Son récit, partagé sur ses réseaux sociaux cette semaine, est empreint de vulnérabilité et d’espoir, et il a secoué beaucoup d’abonnés.
Au plus fort de sa crise de polyarthrite, Sandy décrit des douleurs intenses aux articulations, comparables à celles d’un cancer des os, selon ses propres mots. Elle raconte que chaque geste simple — se coiffer, laver ses cheveux ou même porter une cuillère à la bouche — est devenu presque impossible.
La souffrance physique s’est conjuguée à de l’épuisement professionnel, une peine d’amour profonde et les bouleversements de la ménopause, créant ce qu’elle appelle un « méchant cocktail » de détresse.
À bout de forces, elle explique qu’elle s’est rendue à une consultation médicale convaincue d’avoir atteint un point de non-retour, et qu’elle a demandé l’aide médicale à mourir, une option légale au Québec pour soulager une souffrance jugée intolérable.

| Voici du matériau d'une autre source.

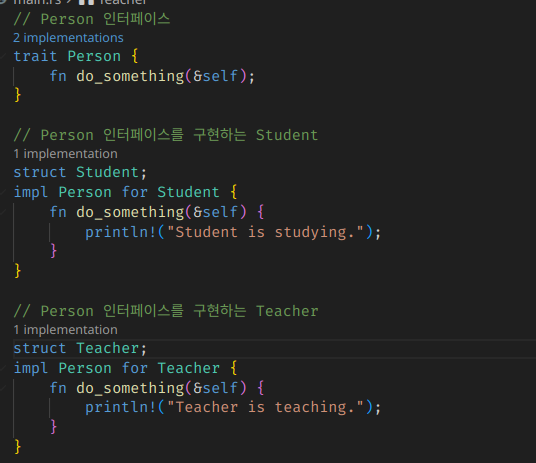 ๋ค์ ์ฝ๋๋ Person์ด๋ ์ธํฐํ์ด์ค๋ฅผ ์ ์ํ๊ณ , ๊ฐ ๊ฐ์ฒด๋ค์ด ์ธํฐํ์ด์ค๋ฅผ ๊ตฌํํ๋ ๊ฒ์ผ๋ก ๊ฐ์ฒด์ ํ์ ๋ณ ๋์์ ๋ค๋ฅด๊ฒ ๊ตฌํํ๋ค.
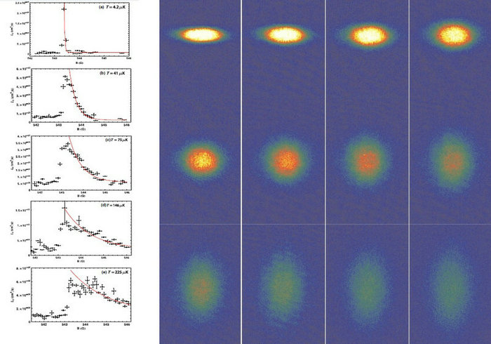 物理學家們寄希望于實驗物理數據能夠為量子三體物理研究帶來突破,超冷原子實驗為量子三體研究的突破提供了實驗契機。羅樂教授長期在國際一流的冷原子物理實驗室工作,他所屬研究團隊擁有豐富的儀器設備制造經驗。實驗團隊利用自己實驗室研制的全新一代全光冷卻費米原子系統把鋰6費米原子冷卻到超流轉變溫度之下,低于絕對溫度之上百萬分之一度。在這樣的實驗中,兩個鋰6原子間的兩體相互作用可以得到精確控制,通過Feshbach共振,原子三體重組產生了分子形成和原子數損失,從而利用冷原子提供的及其精密測量手段探索量子三體中的在范德華普遍性。在發表的論文中,通過實驗測量和從理論上分析三原子重組在543.3 高斯附近的6Li-6Li的窄波磁Feshbach共振,表明在有限的溫度下,三體重組主要由間接過程支配并在閾值以上的kBT內存在窄共振峰。實驗數據強有力的顯示連續的成對過程遵循一個普適行為并由范德華力決定。論文給出了三體重組速率常數描述的解析公式和對溫度的依賴性,其中三體重組通過連續的成對相互作用進行。基礎物理圖像不僅適用于窄s波共振,還適用于非零分波的共振,不僅適用于超低溫,而且適用于更高的溫度。
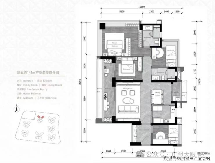 建面约𝟏𝟒𝟏m² 𝟑房+𝟐厅𝟐卫+灵动空间,全明多开间朝南,约𝟏𝟒.𝟔米IMAX采光视野,约𝟖.𝟐米景观大阳台,解放多重生活享受,主卧端厅设计,𝟐𝟕𝟎°全景采光,尽揽滨水美景
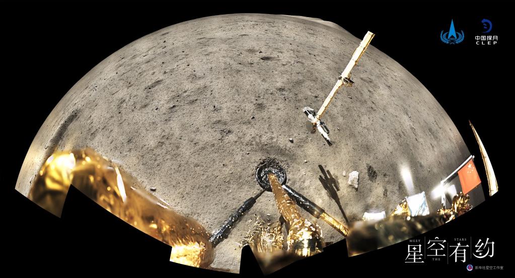 2020年12月4日,國家航天局公布了探月工程嫦娥五號探測器在月球表面展示國旗的照片。 (新華社發(fā) 國家航天局供圖)

Pourquoi l’aide médicale à mourir a été un tournant pour Sandy Trépanier-Gauthier
Le moment clé de son récit survient lorsqu’une phrase de sa rhumatologue l’a littéralement arrêtée: « On va éteindre le feu. » Un traitement à base de cortisone lui est prescrit, puis l’option d’un médicament qu’elle avait évité pendant dix ans par peur des médicaments.
Elle décrit alors trois jours décisifs où elle devait choisir entre affronter sa phobie et s’accrocher à l’espoir, ou aller de l’avant avec l’aide médicale à mourir.
Mais ce n’est pas l’amour pour ses trois enfants qui l’a finalement retenue à la vie, dit-elle avec une honnêteté désarmante, mais bien une image précise : celle de sa future petite-fille attendue en avril.
L’idée de sentir la chaleur de sa joue contre la sienne, même si elle ne peut peut-être pas la prendre dans ses bras, devient son « Y », ce pourquoi elle décide de continuer.
Aujourd’hui, Sandy veut transformer cette épreuve en quelque chose de plus grand qu’elle-même. Elle veut inspirer d’autres femmes à poursuivre leur mission, même dans la douleur, à leur rythme et selon leur énergie.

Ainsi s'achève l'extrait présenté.